2026-06-29

Claude Code, an MRI, and the uneasy gap between model confidence and medical truth

What makes this story interesting from a Claude Code perspective is not the medicine itself, but the workflow: a user takes a messy real-world artifact, a DICOM MRI export, and asks Claude to reason over it with code execution, package installs, and an arbitration pass. That is exactly the kind of task where Claude Code can feel magical and unnerving at the same time. The blog post captures both sides very honestly.

Key Points

The author had right shoulder pain and was sent for an MRI by an orthopedist.
The clinic’s report said there was a Grade III partial-thickness tear at the apical insertion of the subscapularis tendon.
The author felt the clinic moved too fast and was uneasy about the treatment they performed and suggested.
He first used GPT 5.5 Pro to review the MRI-related material and it flagged concerns about shockwave therapy and Traumeel.
He then used Opus 4.8 inside Claude Code, specifically so the model could run code, install packages, and do heavier analysis on the DICOM export.
Claude produced a PDF report that contradicted the human read and said the tendon was intact.
He then asked Claude to arbitrate between the human report and the AI review, giving it more context, including the prior GPT discussion.
The arbitration report again favored the AI-side reading, concluding that evidence favored Reader A with moderate-to-high confidence and that no discrete partial- or full-thickness tear was identified.
The author was struck by how far apart the conclusions were, and by the fact that Claude could be decisive about some disagreements while admitting it could not resolve others.
He ends up in limbo: not fully trusting the clinic, but also not willing to trust AI as a final medical authority.
His hope is that future models will become trustworthy enough for MRI review the way people already trust models to proofread email.

My Take

What strikes me is how cleanly this post exposes the real product question around Claude Code: not “can the model answer?” but “can the model hold up inside a workflow that looks like actual work?” The author didn’t just paste in a summary and ask for a vibe check. He gave Claude a DICOM dump, let it reason with code, and then asked it to arbitrate against another interpretation. That is the interesting part. It’s a very Claude Code-shaped experiment.

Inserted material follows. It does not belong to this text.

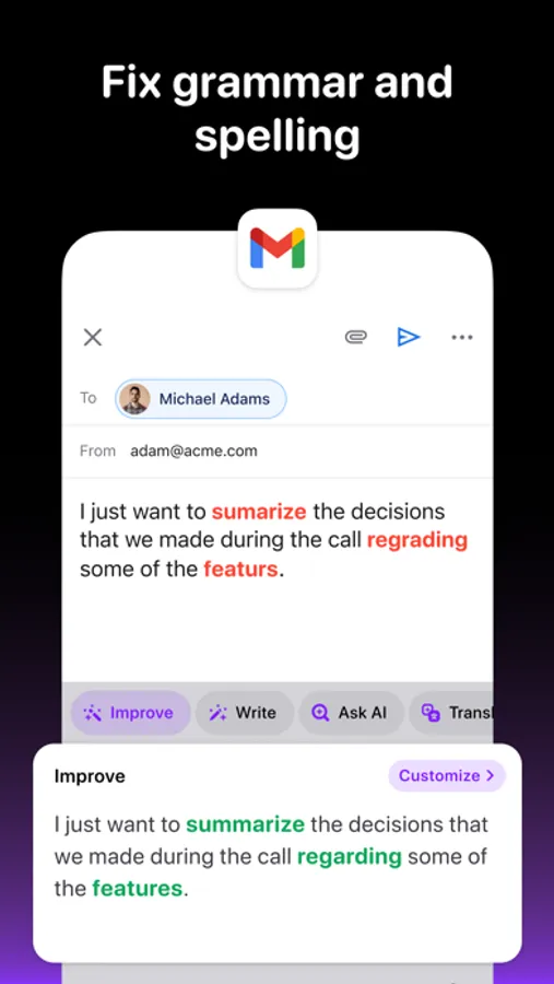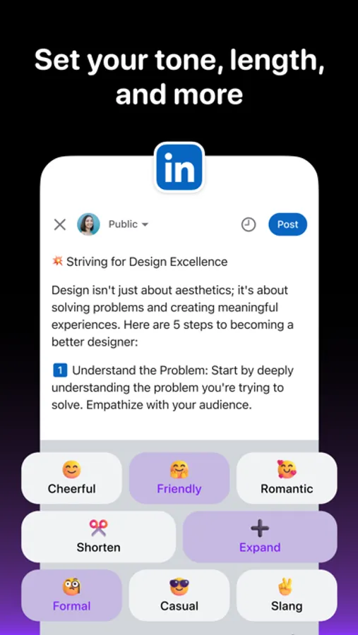 • Effortlessly adjust your text's tone (cheerful, formal, casual, romantic and more) and sprinkle in extra emojis to add personality and expression to your messages.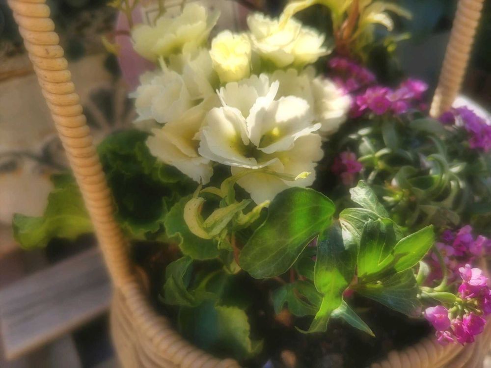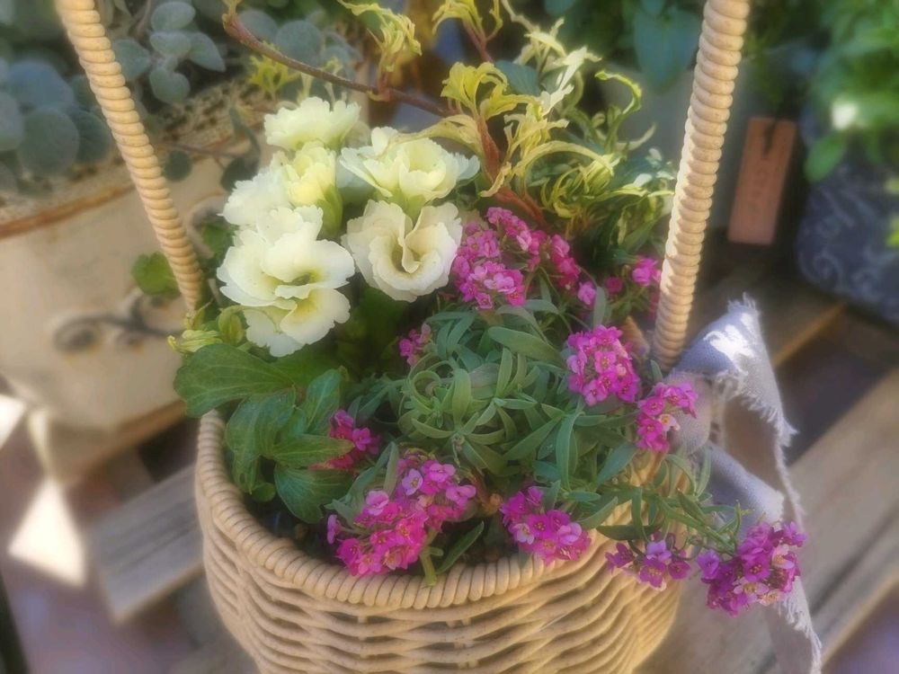 k-plantsさんのプリムラジュリアン・リボンチュチュさんをメインに、お供にアリッサムのシェリピンクさん、リーフ🌿にヘデラの雪の妖精さんを合わせたカゴ🧺寄せ植え😃︎💕︎

I think the most important detail here is not that Claude “won” the comparison, but that the whole exercise produced a sharp trust problem. A tool that sounds confident, structured, and methodical can still be wrong on something high-stakes. And when it disagrees with a human clinician, you don’t get clarity for free. You get a second uncertainty. That feels familiar to anyone building with LLMs: the model can produce a polished answer long before you’ve earned the right to believe it.

I also think the post is a good reminder that code execution does not equal clinical validity. Claude Code can install packages, inspect files, and generate a report. That’s powerful. But in medicine, the hard part is not only parsing data; it’s calibrating interpretation, domain assumptions, and the consequences of being wrong. I’d be excited to see more AI-assisted radiology workflows, but I’d be much more excited about systems that quantify uncertainty and show their work in a way a clinician can actually audit. A confident PDF alone is not enough.

What I’d actually do, as a Claude user, is use this kind of setup for exploration and triage, not diagnosis. If I had a DICOM export or a confusing report, I’d want Claude to help me understand the terminology, identify questions to ask, and maybe surface inconsistencies. I would not want it to be the final word. The author’s instinct here is right: this is useful, but it also makes the old human fallback harder to ignore.

The real takeaway is that Claude Code is already capable of doing impressively deep, multi-step analysis on real files. The part that is still missing is trust. And in a domain like MRI interpretation, trust is the whole game.